One of the most in-your-face altars on display is titled "The Death of a Dream." It alludes to the Dream Act, legislation that would have allowed undocumented young people to become citizens that was never enacted. On each side of the ofrenda is a tall, wobbly stack of books, and perched on top are two rulers fastened together in the shape of crosses. Strung between the stacks of books is string from which hang diplomas.

There are skulls and apples on desks. Flowers litter the floor. On the altar is the declaration, "The dreams of 65,000 immigrant students die every year. Education is a human right. Dream Act Now!"

Review: Art

The Day of the Dead, at the National Museum of Mexican Art in Chicago until December 13.

Marcos Raya is an internationally famous painter who lives in Pilsen, a Mexican-American neighborhood in Chicago that is home to the NMMA. His dark and dangerous ofrenda is titled, "The Devil and Death in the Alley." A painting shows angry, alienated, intoxicated people falling down and caught off balance. A man is swinging a machete.

Under the painting is a shelf with painted skulls. Some have shiny glass objects glued on them; others have metal components from inside computers. There are two outstretched glass hands--one holds syringes and the other white powder. Drugs and the damned is the message.
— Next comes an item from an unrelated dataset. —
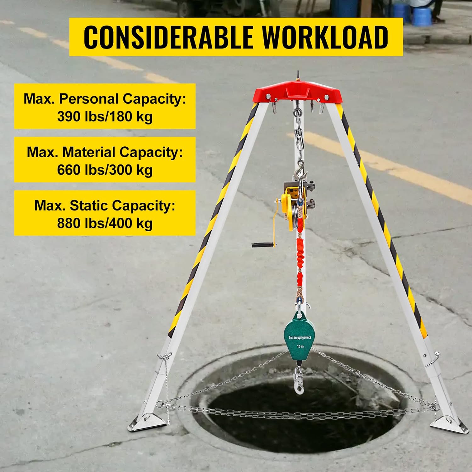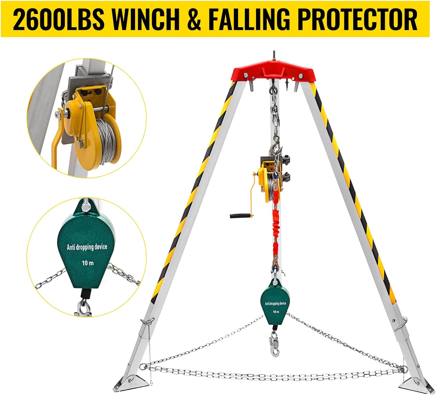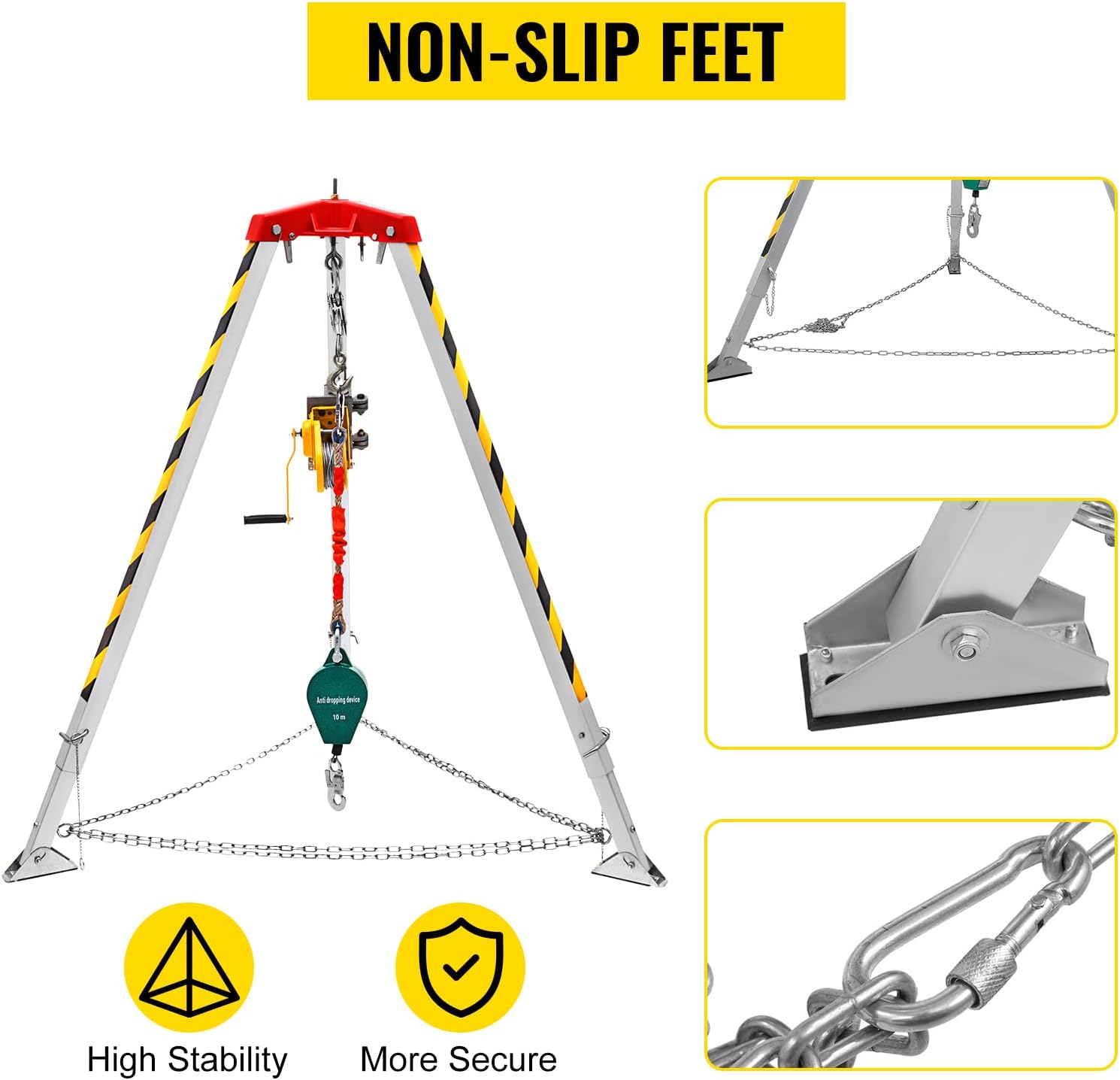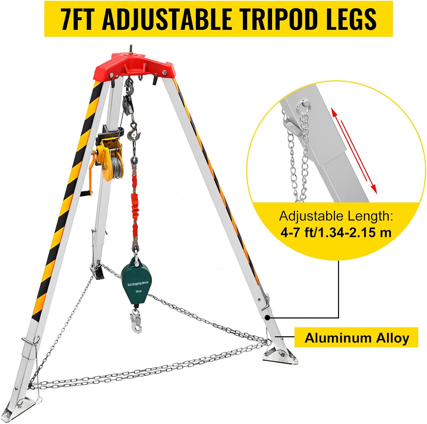 - Patas ajustables de 7.1 ft máx.: las patas de este kit de cabrestante de trípode son de longitud ajustable, de 1,34 a 7.1 ft. Tres pies con almohadillas de goma son ajustables en ángulo y antideslizantes. Se mantiene estable con cadenas de protección de anillo.

Raya dedicates his installation "To the people that die in the streets, addicts, the homeless, vagabonds, good-for-nothings, sons of the rotten life, the dispossessed and the lost souls."
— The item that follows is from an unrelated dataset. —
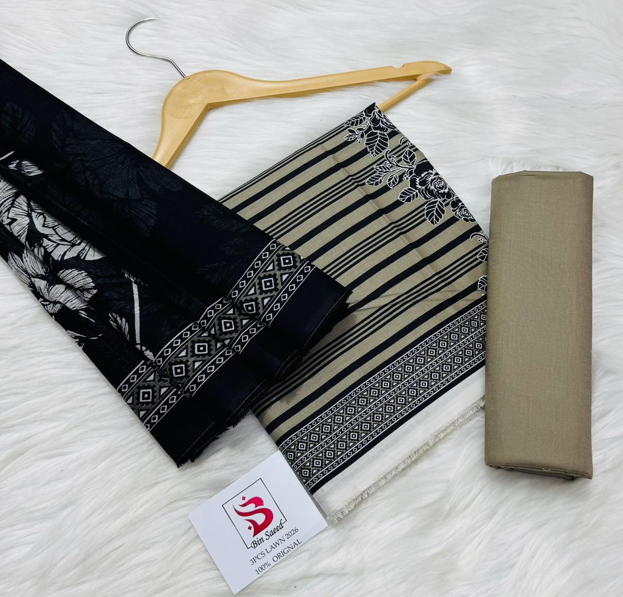 Bin Saeed | Lawn 3pc | Olive Stripes & Black Flora

ONE OF the most haunting ofrendas is by John Salhus, called "Ride Me Home." It's dedicated to bicyclists hit or killed on the street. Every part of the altar is spray-painted either black or white: vases of flowers, a six-pack of beer, a bicycle. Hanging above the altar are mobiles with dozens of floating, white bicycles. The air twirls them around slowly, casting eerie shadows on the canvas backdrop. They're "ghost bikes."

Pablo Serrano created a mixed media ofrenda titled "Liberty Virgin Mary." In the center is a coffin-like Statue of Liberty, but in place of her face is a video screen flashing the faces of dozens of immigrants. The statue stands on a dirt grave that symbolizes the desert where thousands of immigrants have perished trying to enter the U.S.

On the ground are flowers and a gallon jug of water. Serrano explains, "This ofrenda memorializes the cultural sacrifices undocumented immigrants make when they become part of the United States."

The ofrenda that leaves the viewer dazed and disbelieving is dedicated to the 49 children who died in a fire at a day care center in Sonora, Mexico, in June of this year. There is a red heart-shaped pillow with a picture of a nun pinned to it. She is crying tears of pearls on strings that pool in a glass below.

Framing the altar are 49 pictures of the victims. On the floor lay stuffed animals, teddy bears, action figures and toys that the dead children will never play with. There are skulls framed in purple and gold lamé boxes, angel wings and candles. This ofrenda is grounded in staggering grief.

The exhibit El Día de Los Muertos takes the subject of death and raises it to a high level of art--full of beauty, powerful emotions and ideas that stay with the viewer long after they've left the museum. The living must remember the dead.

Check out the exhibit across the hall, too: Women of Juárez: Rastros y Crónicas. It's a small, stunner of a show featuring artwork that depicts the disappearances and murders of more than 500 women in Ciudad Juárez, Mexico.